Right Tom Scully?  Scully is the former Medicare Chief who refused to testify before Congress and went on to General Partner with PEU Welsh Carson Anderson and Stowe.  WCAS just benefited from that recent antitrust ruling.

Update 10-2-24:  Lazard's Peter Orszag was on CNBC this morning bemoaning the FTC's antitrust focus on vertical intergration (PEU buyouts).

Thursday, September 19, 2024

The Great PEU Acquiescence


MSN reported:

Something has changed this election season. The perennial hot button issue of carried interest, which offers sweetheart tax rates to wealthy private equity and hedge fund executives—and costs the U.S. Treasury billions of dollars—is getting a pass.

The Great Acquiescence has arrived. 

...an Oxford study in June revealed that the largest private equity firms have avoided paying income taxes on more than $1 trillion of incentive fees since 2000—a line that seems tailor made for a campaign commercial—barely got any notice. 

Now, any momentum to change the carried interest rate seems to have fizzled altogether.

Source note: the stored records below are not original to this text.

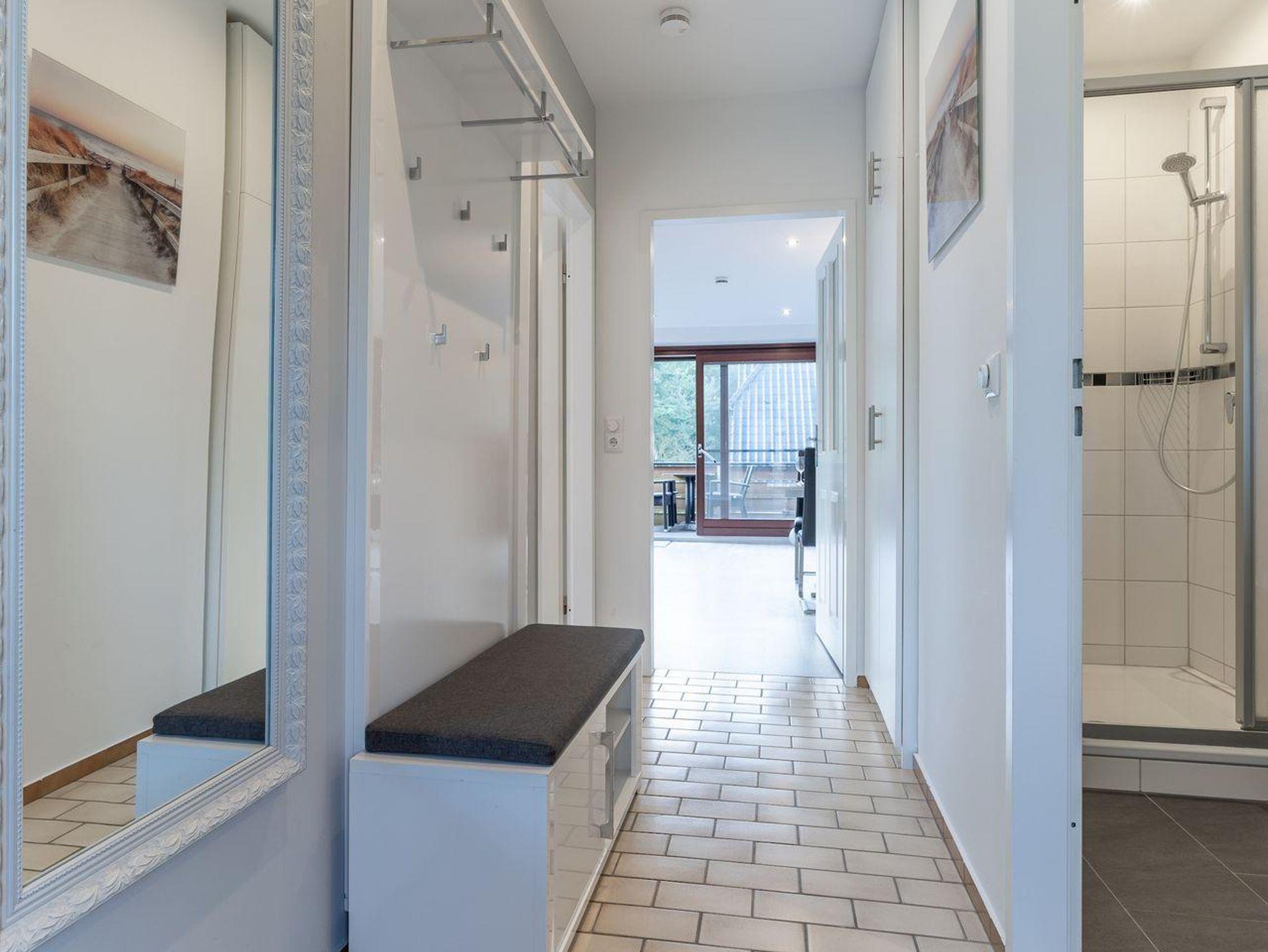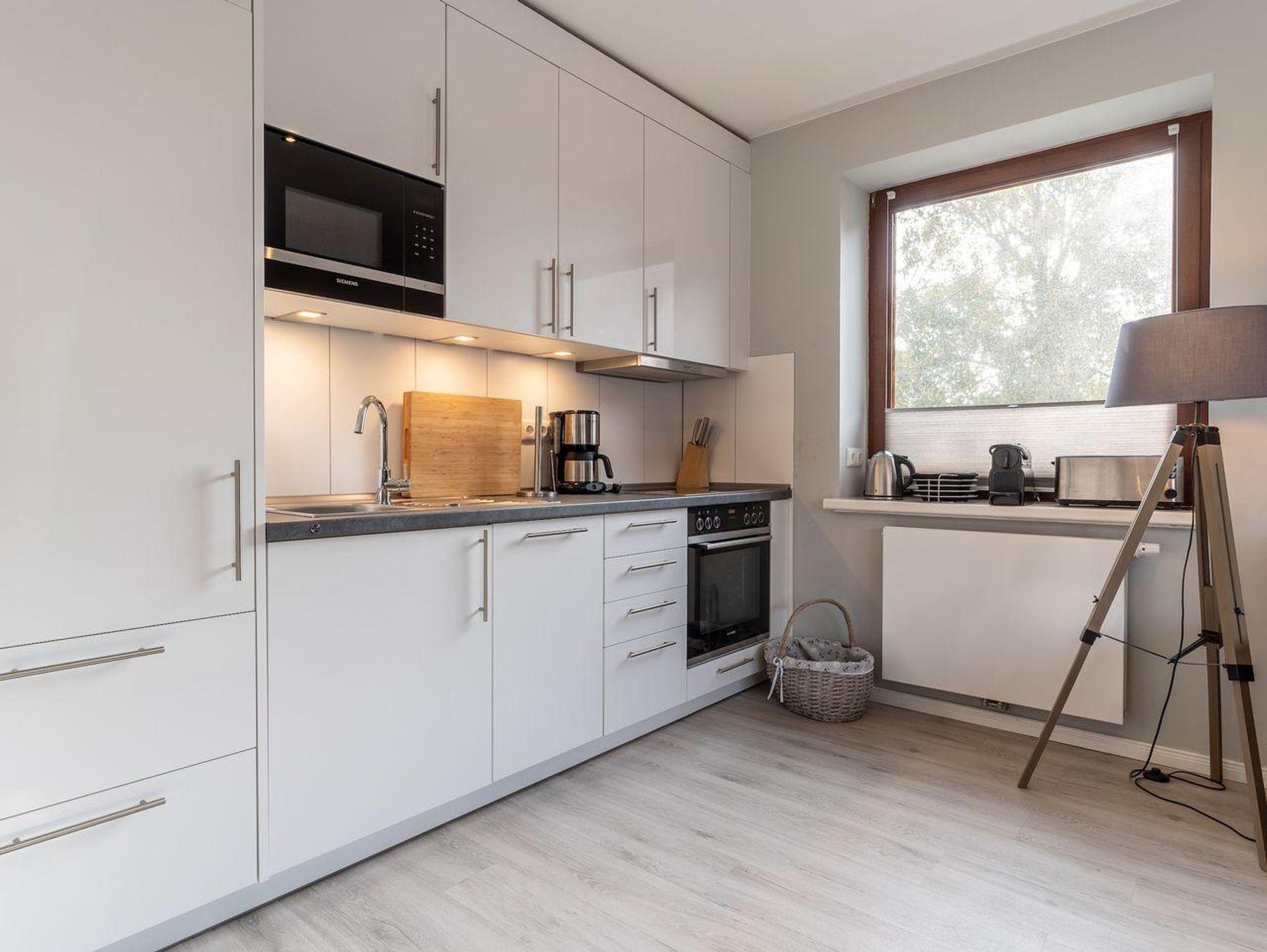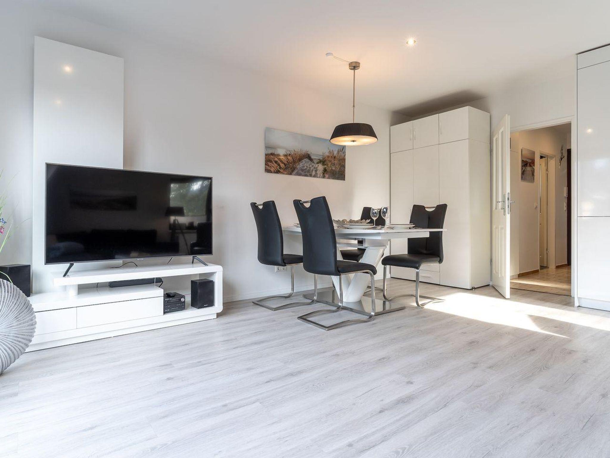 Die 55m² große Ferienwohnung, welche im Jahr 2020 vollständig saniert wurde, liegt im Obergeschoss und bietet bis zu 4 Personen Platz für einen unvergesslichen Urlaub in St. Peter-Ording. Durch die Lage und Ausstattung ist die Ferienwohnung besonders familienfreundlich, Kinder sind hier herzlich willkommen. Die Ferienwohnung verfügt über einen nach Südwesten hin ausgerichteten, vollständig möblierten Balkon, der Abendsonne für ein herrliches Beisammensein bietet. Auch der Urlaub mit Hund ist hier möglich, ein Hund begleitet die Familie nach St. Peter Ording. Das moderne Wohnzimmer wirkt durch die große Fensterfront und den Übergang zum Balkon hell und freundlich. Zur Ausstattung dort gehören eine komfortable Couch und der große Esstisch, an dem die ganze Familie Platz findet. Die Couch lässt sich zum komfortablen Schlafplatz für 2 Personen umfunktionieren. Für die multimediale Unterhaltung sorgen ein großer Flachbild-TV, Radio mit Bluetooth und kostenfreies W-LAN. Für die Versorgung im Urlaub sorgt die vollumfassend ausgestattete, angrenzende Küche. Hier stehen unter anderem Cerankochfeld und Backofen sowie Kühlschrank, Mikrowelle und Nespresso-Maschine bereit. Orangenpresse und Milchaufschäumer gehören ebenfalls zum Inventar. Im hellen, einladenden Schlafzimmer steht ein komfortables 180x200cm Doppelbett zur Verfügung. Zur edlen Ferienwohnung gehören weiterhin Duschbad mit WC und Haartrockner. Alle Fenster der Ferienwohnung sind mit Fliegenschutzgitter und Verdunklungsplissees ausgestattet. Die große Fensterfront ist mit elektrischem Außenrollo ausgestattet, um Licht und Sichtschutz nach Belieben regulieren zu können.
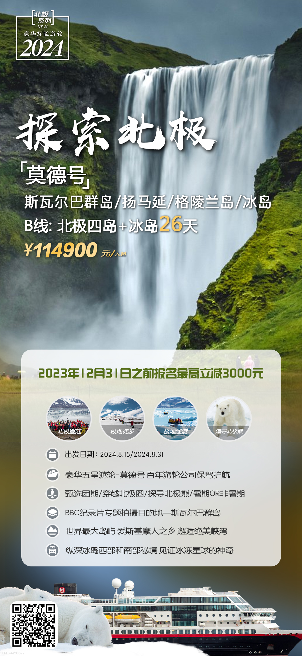 <莫德号>北极四岛斯瓦尔巴群岛 扬马延 格陵兰岛+冰岛深度26日游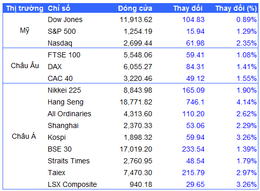 Diễn biến của các chỉ số chứng khoán chính trên thế giới ngày 24/10:
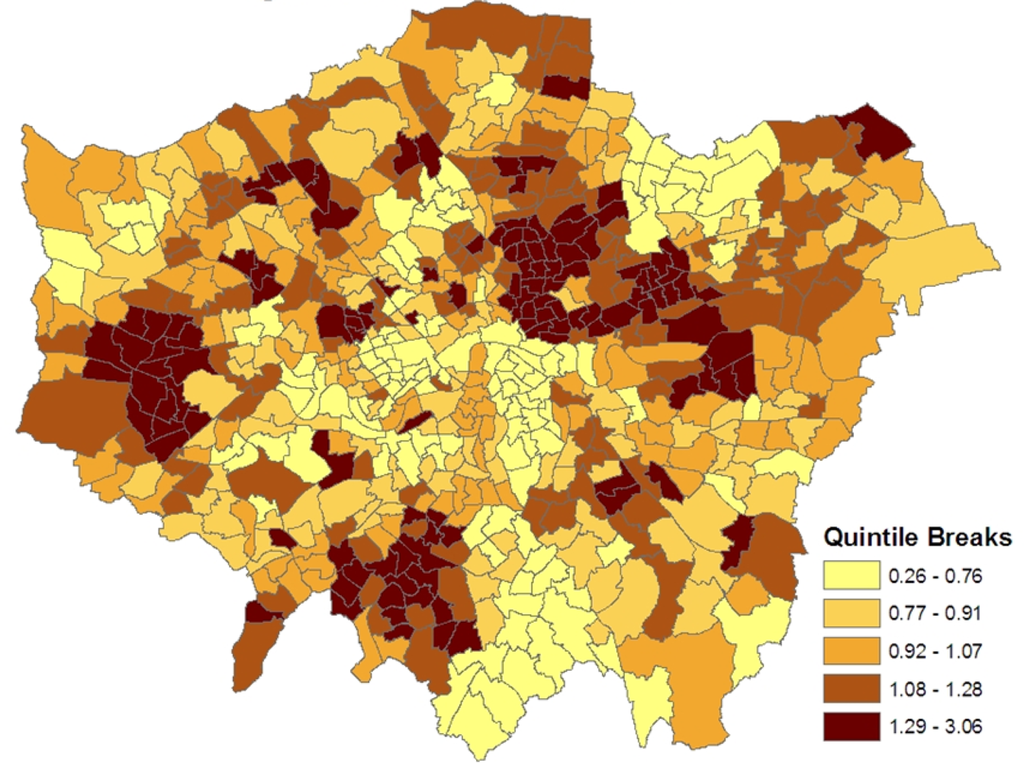 Figure 1 shows the spatial patterning of the CHD morbidity scores in model 1, higher values are in inner east (though not central) London and in certain parts of west London. Figure 2 maps the estimated ward level prevalences in terms of relative risks under the constrained model 1, namely the posterior means of ξj = zj/Ej. For policy purposes, the probability that a small area has significantly higher relative risk and thus possibly needs special resources is important. Therefore the marginal variance ω2 = var(ξj) is monitored during the MCMC run, and the standardized relative risks (SRRs)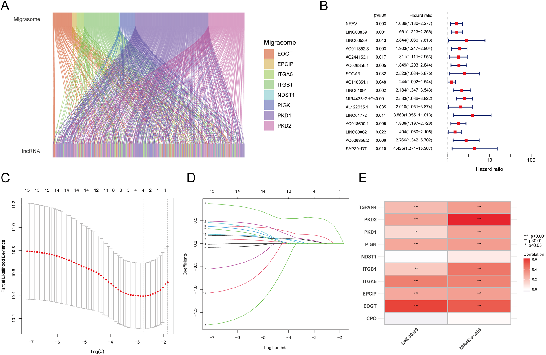 Figure 2. Identification of Prognostic MRlncRNAs and Construction of Prognostic Features. (A) Co-expression analysis of MRGs and lncRNAs; (B) Prognostic value of MRlncRNAs based on univariate Cox regression analysis (P < 0.05); (C) LASSO coefficient plot of prognostic MRlncRNAs; (D) Plot of the 10-fold cross-validation error rate; (E) Heatmap displaying the correlation between MRlncRNAs and MRGs.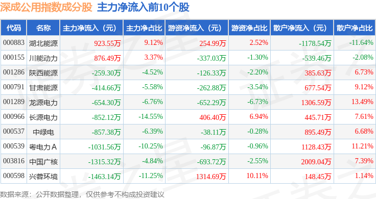 资金流向方面,深成公用(399689)指数成份股当日主力资金净流出合计3.09亿元,游资资金净流入合计1.21亿元,散户资金净流入合计1.88亿元。成份股资金流向详情见下表: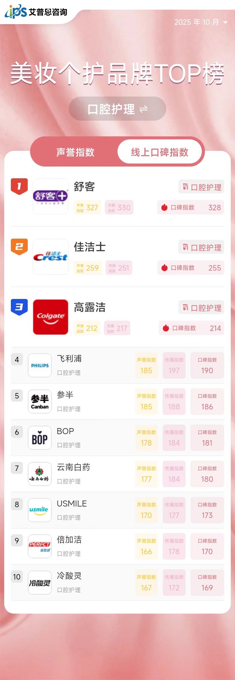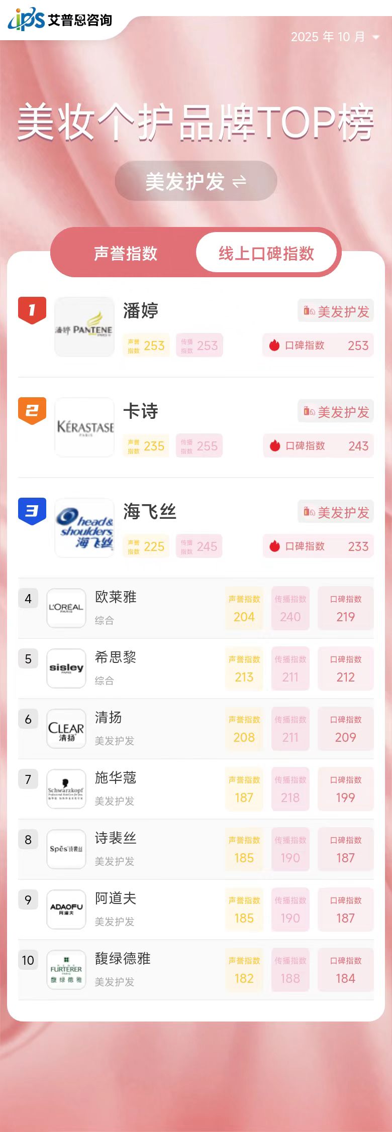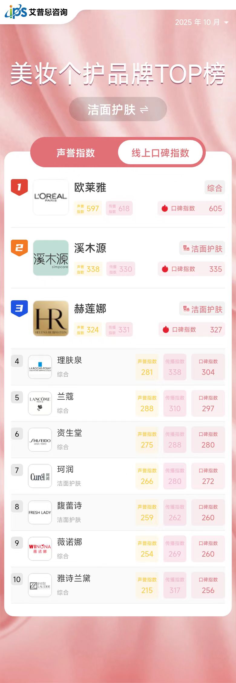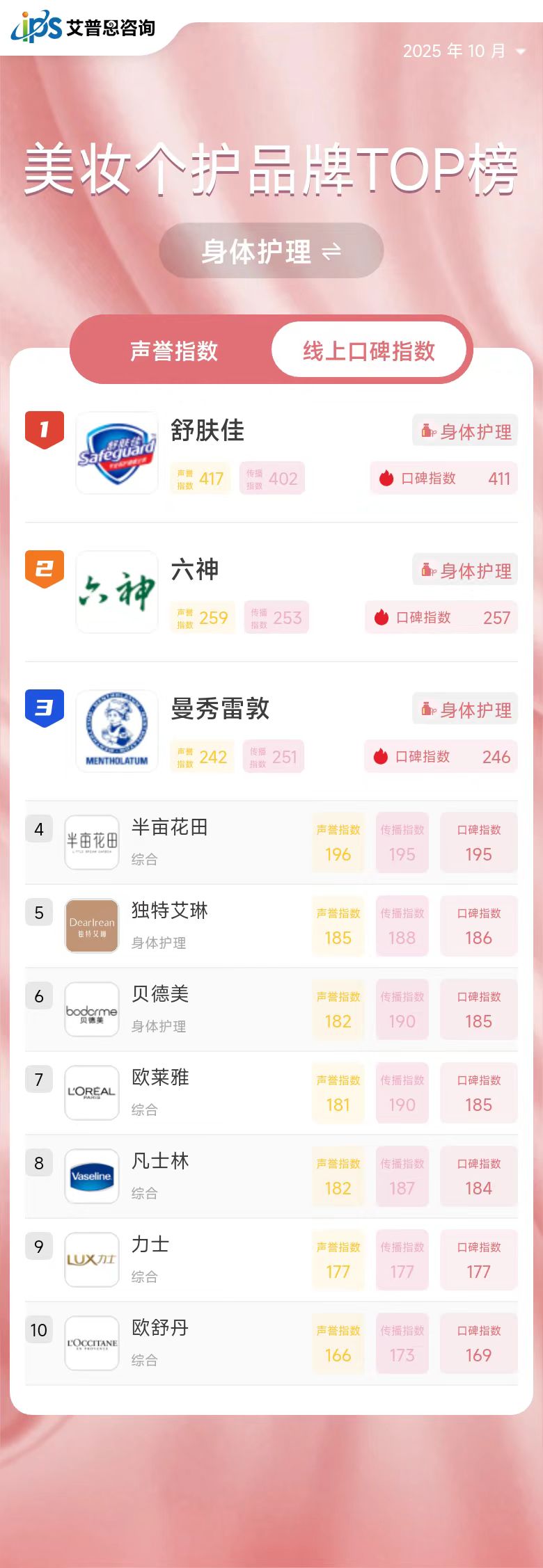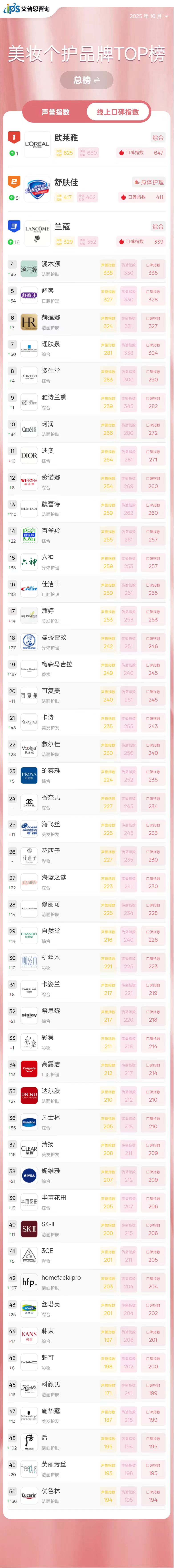 2025年10月线上口碑指数排名前三的美妆个护品牌为:欧莱雅(综合,口碑指数647,排名较上月上升1位)、舒肤佳(身体护理,口碑指数411,排名较上月上升3位)、兰蔻(综合,口碑指数339,排名较上月上升16位)。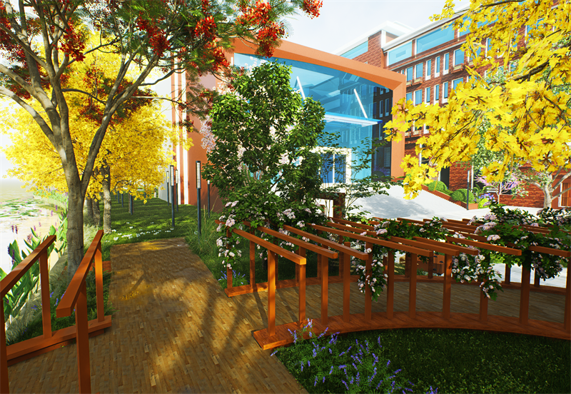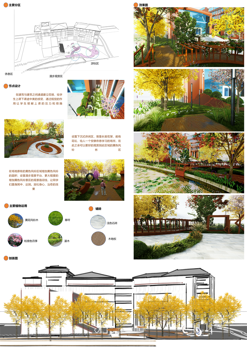 设计原则:疗愈花园的设计注重健康疗愈、绿色生态和人性化需求,通过景观设计营造舒适、安全、放松的环境,帮助学生缓解压力、恢复精力。

Just last week, former president Trump verbally sparred with Kamala Harris, the Democratic nominee for president and current VP, in a much watched 90-minute debate. Neither side mentioned carried interest or even taxes. 

Politicians Red and Blue love private equity underwriters (PEU) and increasingly, more are one.   How did this come to pass?

PEU legend Carlyle Group co-founder David Rubenstein covered the history in a recent Bloomberg Audio interview and had a number of startling admissions.  First, this non-lobbyist regularly meets with elected officials.

 ...let’s get members of Congress to come and sit with each other from different parties in different houses, which they rarely get a chance to do. No press. Nobody can see ’em talking to somebody who’s a different member of a different party. And that’s been going over 10 years. 

Rubenstein chronicled Carlyle's early history after locating in Washington, DC.

Later I went out and recruited big names who had been in government, people like former Secretary of State, Jim Bakker, former Secretary of Defense, Frank Carlucci. And that gave us a certain allure because people were wondering what are they doing in an investment firm?

What were they doing?  Steering huge chunks of the federal budget to Carlyle Group affiliates through their non-lobbying political connections, reading the government tea leaves to direct Carlyle leveraged buyouts, and recruiting more government insiders to the secretive private equity underwriter.  That almost sounds villainous.

Blue Team Senator Kyrsten Sinema's massive payday awaits.  She heroically saved PEU preferred "carried interest" taxation.  Legislators will watch closely her next career move.  It could be theirs.